Hi, Tacitus2 en passent.

Speaking of invoked entities appearing, I recall that 'A Bridge Too Far' featured a red beret (Major 'Digby' Tatham-Water)with an umbrella (to show he was English). He also encouraged the use of bugles at Arnhem in case the radios were faulty (which they were). Clearly what inspired Miller's early character!

Tony Fisk said...

...Just to line the ducks up.

Hatham-Carter is who the film character Maj. Carlyle is based on.
(Reading his wikipedia biography, I'm amazed he doesn't merit a film in his own right!)

Tony Fisk said...

Hatham-Carter!?!?
Bah! I meant Tatham-Water, of course!

Tacitus said...

Well if you want to go deep on Movie Triva...

The phrase "A Bridge too Far" was coined by General Frederick Browning, deputy commander of Operation Market Garden. He was married, rather unfaithfully, to Daphne du Maurier. She of course was the writer of the short story The Birds, later a Hitchcock thriller of the same name.
Ah, they knew how to make movies a generation or two back. Now the main genres appear to be:

Glittery Vampires (Twilight etc)

Sweaty violent men with overstuffed codpieces (see above)

and black folks behaving in ways that would be grossly offensive if they were not in more or less all black movies which I guess sort of makes it ok somehow (Madea, etc)...

Tacitus

Acacia H. said...

I thought Dr. Brin and the rest of you might find this comic amusing - I love the Ray Bradbury quote and the other person being blithely unaware (and distracted by online media).

Rob H.

David Brin said...

Robert yes, that is far more likely as a dystopia than 1984!

Still notice the implied contempt of the artist: "I and my savvy readers are immune, of course."

David Brin said...

All right, I am back on to do a Reddit sub-AMA for the futurology forum, about... the future! Tuesday (tomorrow) at 11 am Pacific, 2pm Eastern 18:00 UTC. There were communications problems but I will sign in and hope for the best.. AMA stands for "Ask Me Anything" and you can. Though "future" is the topic. Just two hours, this time! Not the a8hour marathon I did a few years ago for a scheduled Reddit main i/AMA.

http://www.reddit.com/r/Futurology

LarryHart said...

Tony Fisk:

I recall that 'A Bridge Too Far' featured a red beret (Major 'Digby' Tatham-Water)with an umbrella (to show he was English). He also encouraged the use of bugles at Arnhem in case the radios were faulty (which they were). Clearly what inspired Miller's early character!


Most likely, no one here cares but me, but just for the record...

The character from "Sgt Fury" who carried an umbrella in battle was created by Stan Lee (as were many Marvel characters) in the early 1960s. Frank Miller may have written a much later story with that character in it, but he had nothing to do with creating the character or the title in the first place.
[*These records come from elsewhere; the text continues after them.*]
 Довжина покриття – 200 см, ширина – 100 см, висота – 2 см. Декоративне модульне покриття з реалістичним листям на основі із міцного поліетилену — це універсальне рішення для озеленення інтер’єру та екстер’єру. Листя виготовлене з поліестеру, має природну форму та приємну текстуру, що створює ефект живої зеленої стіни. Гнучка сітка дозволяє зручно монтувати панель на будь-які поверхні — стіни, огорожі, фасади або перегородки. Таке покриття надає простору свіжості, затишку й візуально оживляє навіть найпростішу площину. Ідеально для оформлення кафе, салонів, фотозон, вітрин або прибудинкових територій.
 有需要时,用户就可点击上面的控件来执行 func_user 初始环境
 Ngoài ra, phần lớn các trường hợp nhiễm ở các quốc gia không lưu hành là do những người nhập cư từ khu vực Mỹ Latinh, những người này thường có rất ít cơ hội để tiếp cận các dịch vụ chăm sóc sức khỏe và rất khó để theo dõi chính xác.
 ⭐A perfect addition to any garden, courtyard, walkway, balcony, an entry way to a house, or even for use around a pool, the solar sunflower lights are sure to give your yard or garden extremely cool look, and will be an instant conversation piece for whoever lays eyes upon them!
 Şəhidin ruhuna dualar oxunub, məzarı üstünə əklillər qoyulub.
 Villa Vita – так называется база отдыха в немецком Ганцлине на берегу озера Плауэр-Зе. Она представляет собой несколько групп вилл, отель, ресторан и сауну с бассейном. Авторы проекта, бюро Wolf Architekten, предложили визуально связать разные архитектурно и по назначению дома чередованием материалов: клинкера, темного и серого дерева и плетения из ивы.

Now, if Stan Lee had been inspired by a movie, that wouldn't suprise me at all.

LarryHart said...

Dr Brin:

I am back on to do a Reddit sub-AMA for the futurology forum, about... the future! Tuesday (tomorrow) at 11 am Pacific...
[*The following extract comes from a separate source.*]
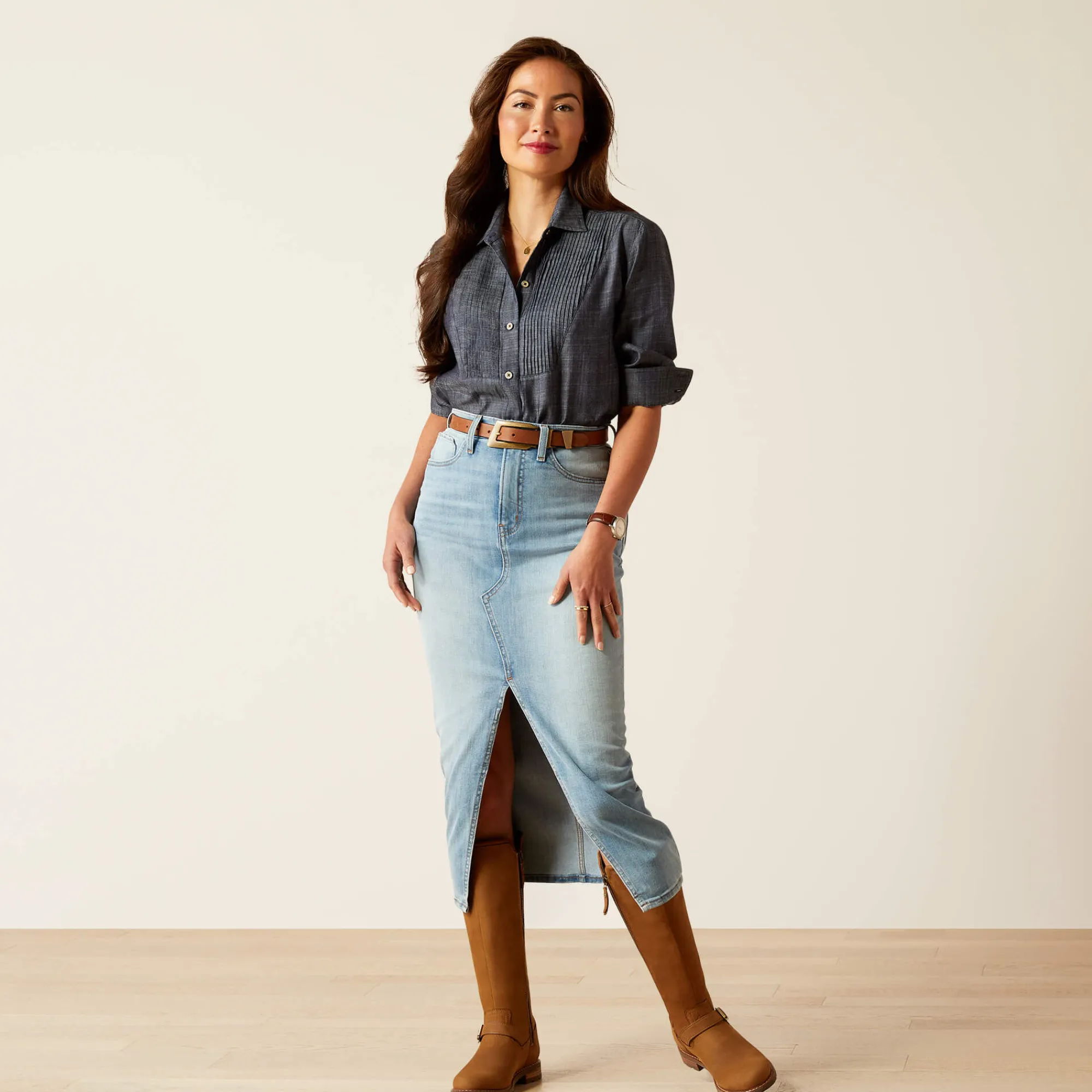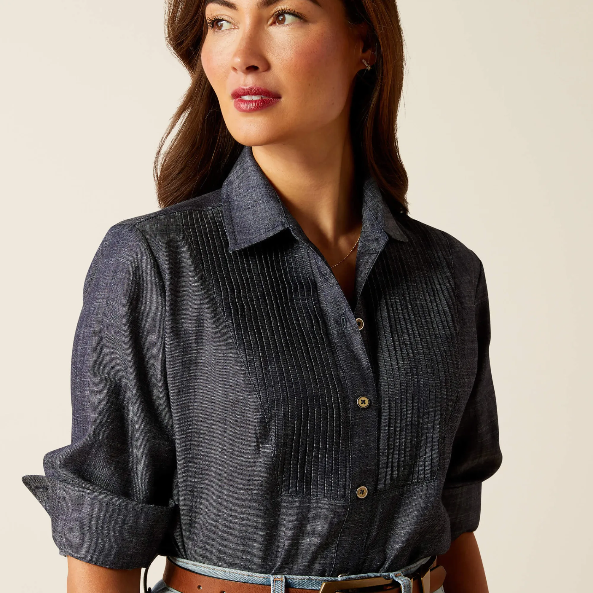 Mit seinem luxuriösen Fall und den plissierten Details auf der Vorderseite ist das Oban Shirt das Jeanshemd Ihrer Träume. Dieses Hemd ist so vielseitig, dass Sie es zu fast allem tragen können, ob elegant oder leger.

I first read that as "about the future--Tuesday at 11 am." As if the talk would be about what might happen late Tuesday morning. I mean, sure, that is the future, but hardly worth the effort of speculating about.

:)

David Brin said...

We'll see if you think Tuesday 11 am turns out as banal as you thought it would be!

Tim H. said...

Too few people would get it, but wouldn't it be fun if Apple's show began with an elderly David Bowman proclaiming "Something's coming, something wonderful!"

Unknown said...

Glory Season: one of my favorites. Would love to see Miller's misogyny up against that!

Anonymous said...

Hi, David Brin,

Sorry for the late note--2 years. I didn't know others had issues with the movie and book "300". I just finished reading a biography of Cyrus the Great who founded the dynasty from which Darius and Xerxes came. I am fascinated by the time of the first Persian Empire and just the outtakes of the movie "300" bother me as being historically inaccurate. For one thing, the Persian kings were significantly hairier, the statues and the reliefs showing them as having full heads of hair and beards, and would have balked at the idea of walking out in public naked save for chains.

It has been a while since I have read about Thermopylae. Thank you for the article. I enjoyed it.